- **Exercise brief**
Nothing but the lines from the first line of the material below through the line that holds "Библиотека НГИЭУ приглашаетвсех" should be set down, exactly and with pictures left out.

- **Input data**
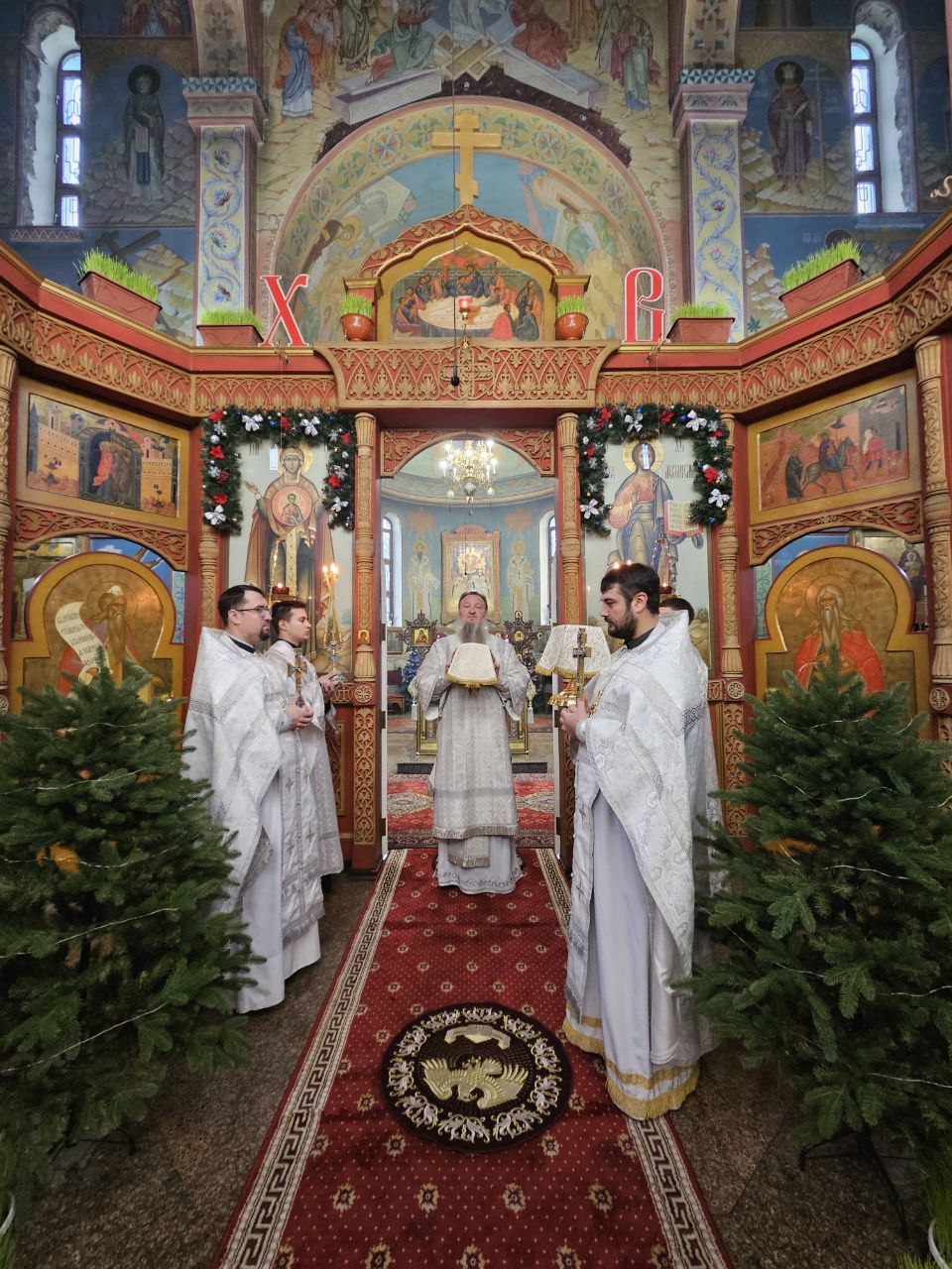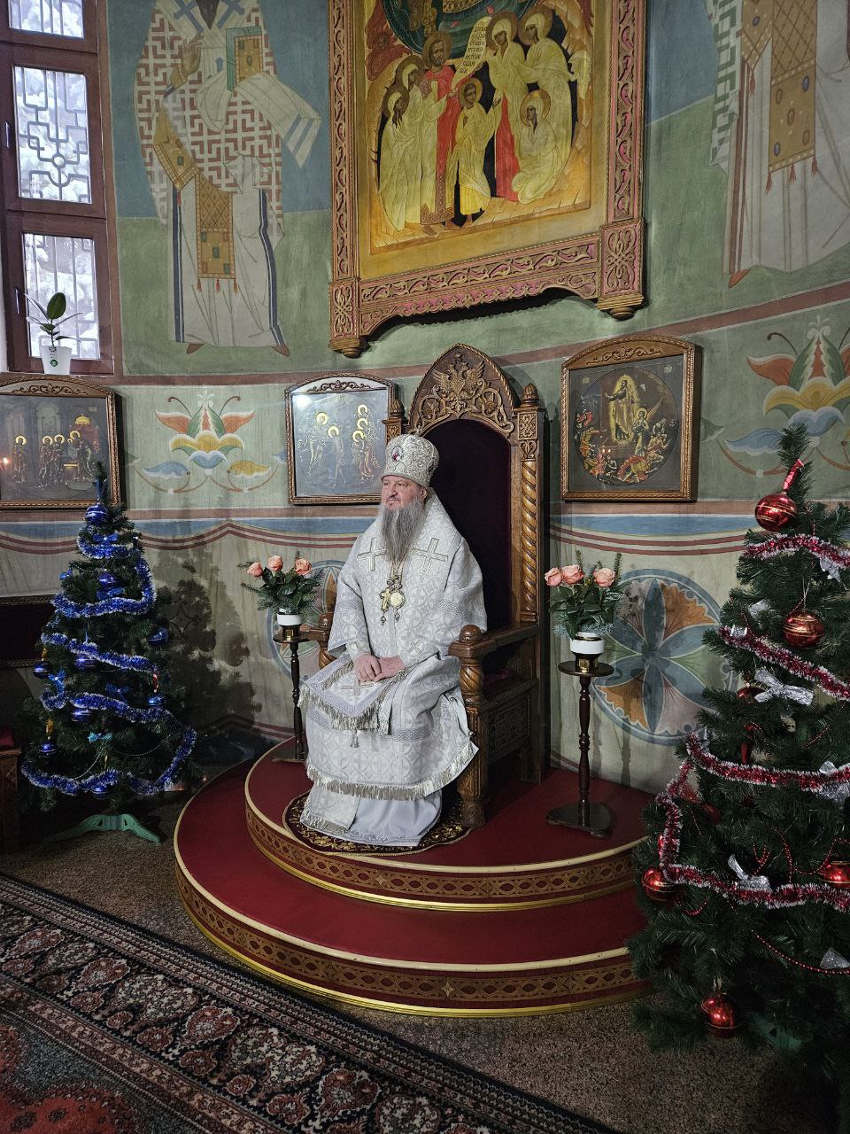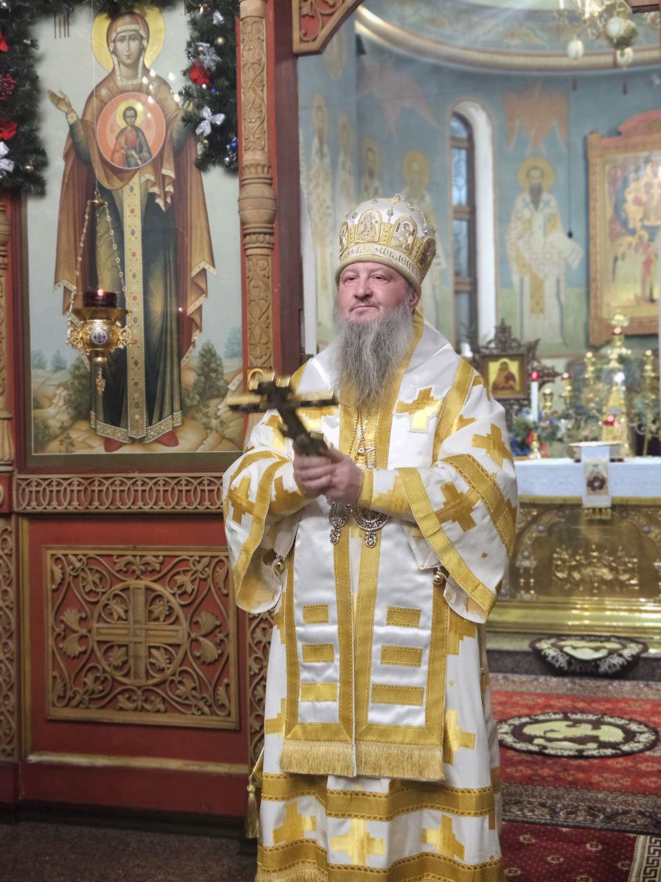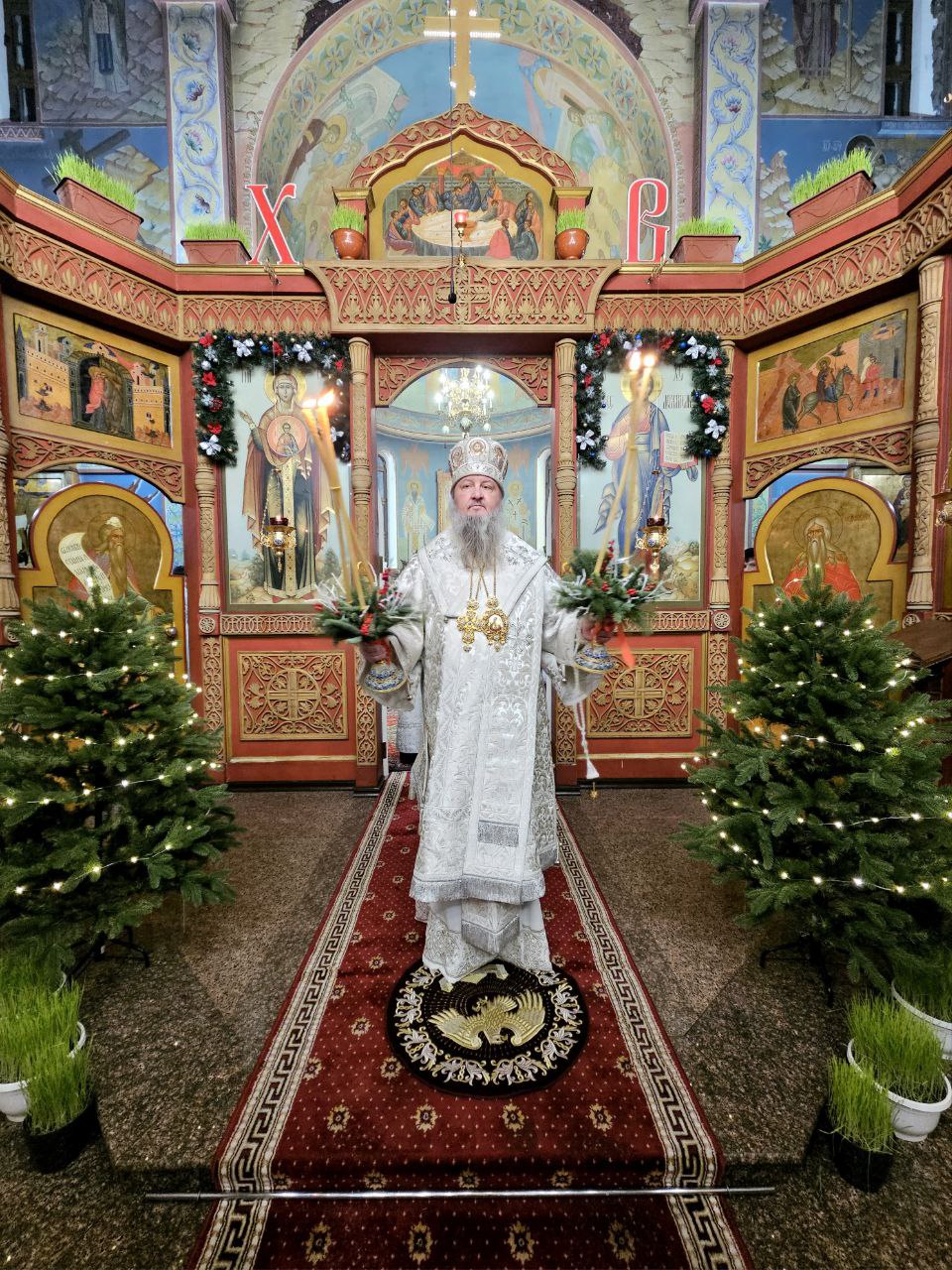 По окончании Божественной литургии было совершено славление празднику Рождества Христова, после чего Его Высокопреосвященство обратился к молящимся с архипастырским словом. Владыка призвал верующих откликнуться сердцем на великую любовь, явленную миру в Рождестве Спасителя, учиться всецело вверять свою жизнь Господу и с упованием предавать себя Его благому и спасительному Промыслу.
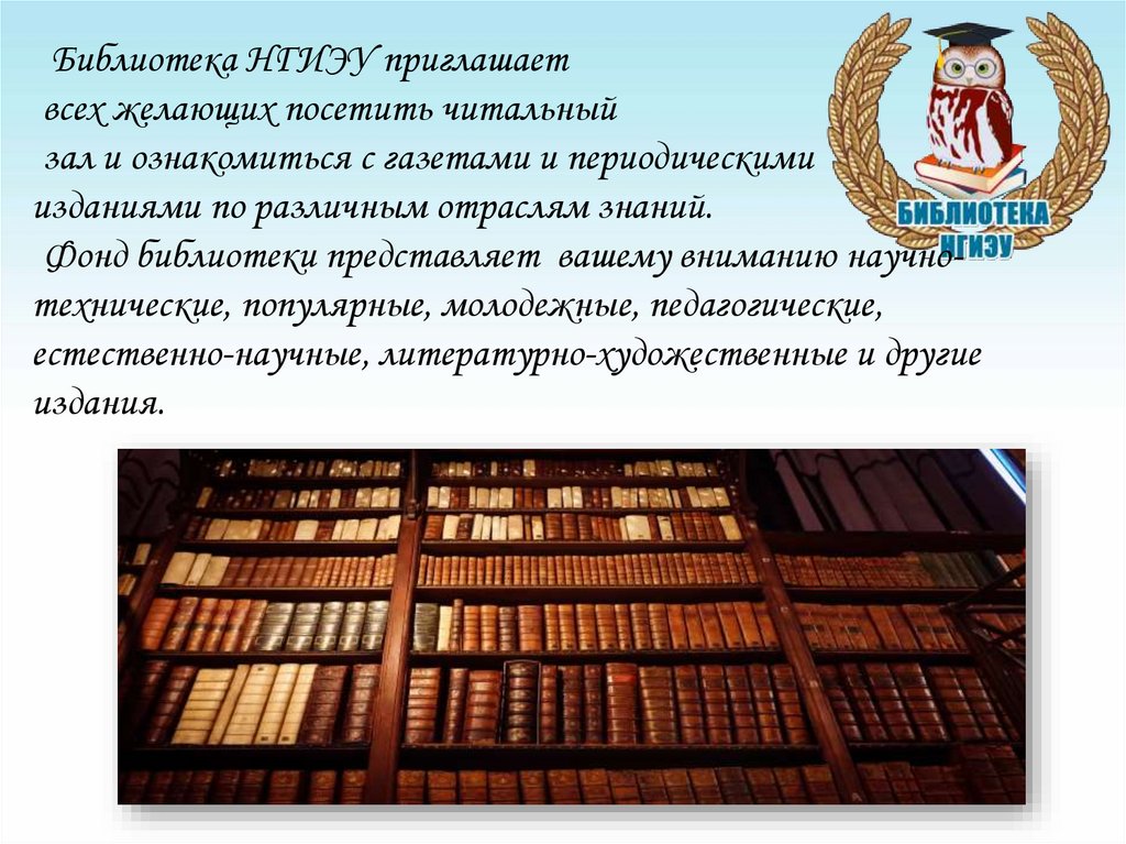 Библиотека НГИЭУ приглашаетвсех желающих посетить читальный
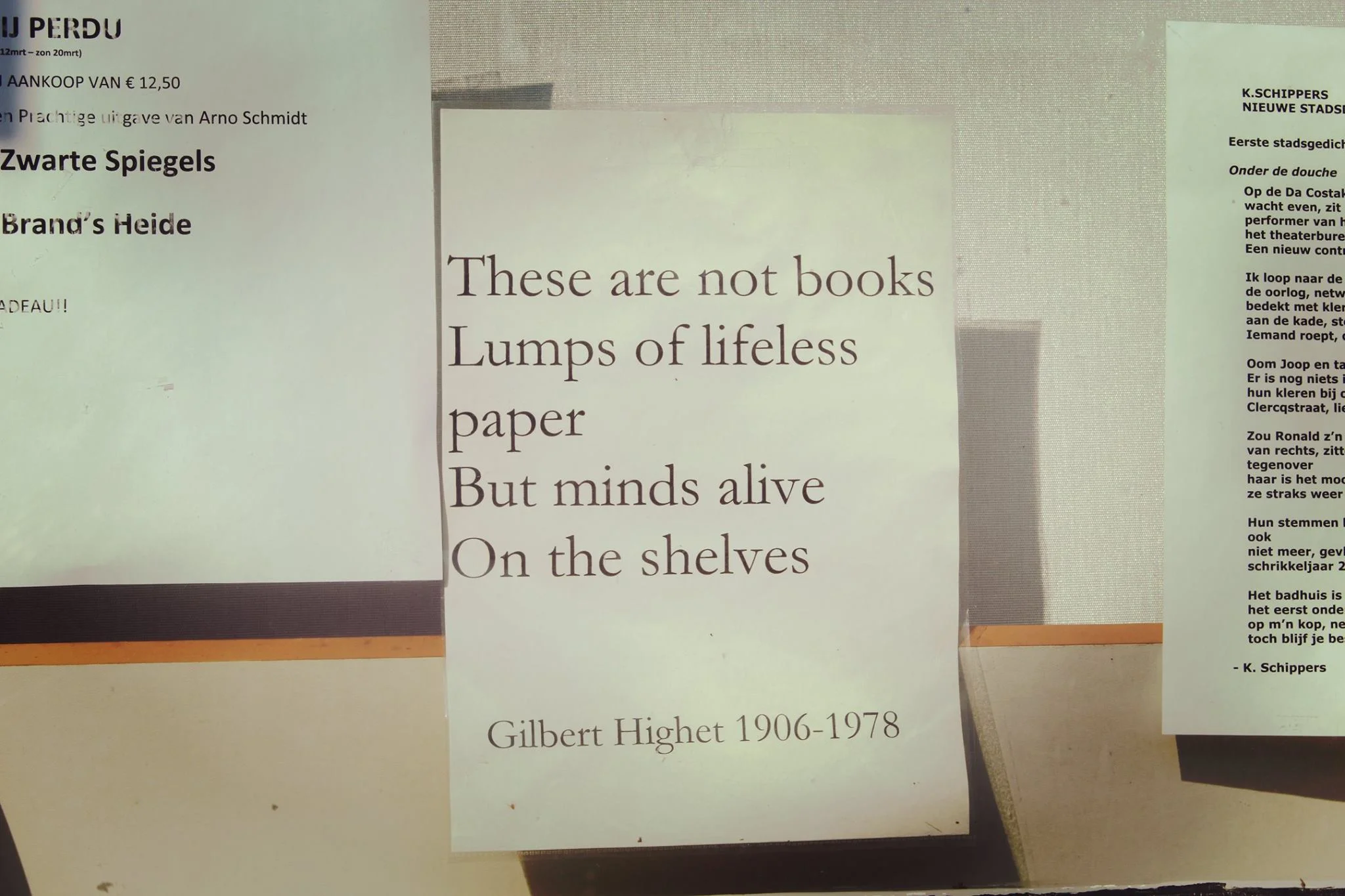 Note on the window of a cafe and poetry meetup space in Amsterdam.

- **Solution for this problem**
 По окончании Божественной литургии было совершено славление празднику Рождества Христова, после чего Его Высокопреосвященство обратился к молящимся с архипастырским словом. Владыка призвал верующих откликнуться сердцем на великую любовь, явленную миру в Рождестве Спасителя, учиться всецело вверять свою жизнь Господу и с упованием предавать себя Его благому и спасительному Промыслу.
 Библиотека НГИЭУ приглашаетвсех желающих посетить читальный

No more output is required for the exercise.